10  Supervised Learning

10.1 Decision Trees: Foundation

Decision trees are widely used supervised learning models that predict the value of a target variable by iteratively splitting the dataset based on decision rules derived from input features. The model functions as a piecewise constant approximation of the target function, producing clear, interpretable rules that are easily visualized and analyzed (Breiman et al., 1984). Decision trees are fundamental in both classification and regression tasks, serving as the building blocks for more advanced ensemble models such as Random Forests and Gradient Boosting Machines.

10.1.1 Algorithm Formulation

The core mechanism of a decision tree algorithm is the identification of optimal splits that partition the data into subsets that are increasingly homogeneous with respect to the target variable. At any node \(m\), the data subset is denoted as \(Q_m\) with a sample size of \(n_m\). The objective is to find a candidate split \(\theta\), defined as a threshold for a given feature, that minimizes an impurity or loss measure \(H\).

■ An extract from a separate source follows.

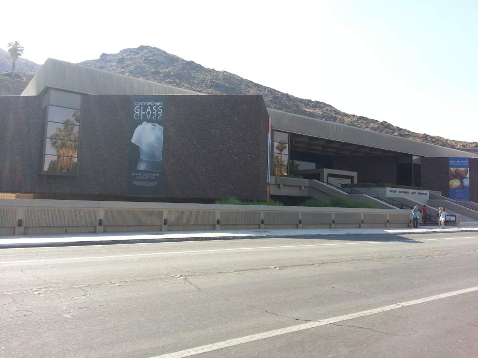 Palm Springs Art Museum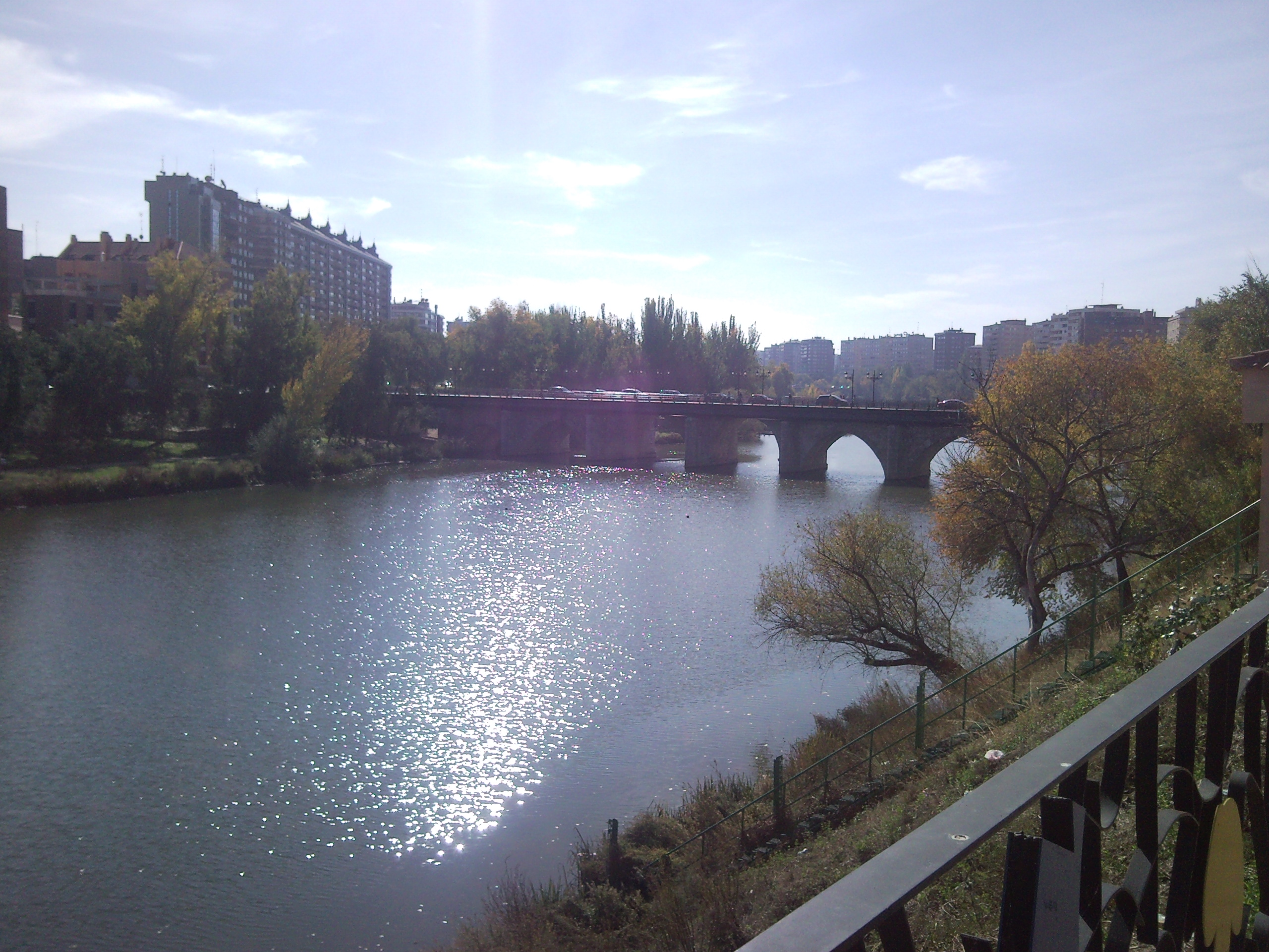 The river Pisuerga flowing through Valladolid. El Puente Mayor (bridge).

When a split is made at node \(m\), the data is divided into two subsets: \(Q_{m,l}\) (left node) with sample size \(n_{m,l}\), and \(Q_{m,r}\) (right node) with sample size \(n_{m,r}\). The split quality, measured by \(G(Q_m, \theta)\), is given by:

\[ G(Q_m, \theta) = \frac{n_{m,l}}{n_m} H(Q_{m,l}(\theta)) + \frac{n_{m,r}}{n_m} H(Q_{m,r}(\theta)). \]

The algorithm aims to identify the split that minimizes the impurity:

\[ \theta^* = \arg\min_{\theta} G(Q_m, \theta). \]

This process is applied recursively at each child node until a stopping condition is met.

  • Stopping Criteria: The algorithm stops when the maximum tree depth is reached or when the node sample size falls below a preset threshold.
  • Pruning: Reduce the complexity of the final tree by removing branches that add little predictive value. This reduces overfitting and improves the generalization accuracy of the model.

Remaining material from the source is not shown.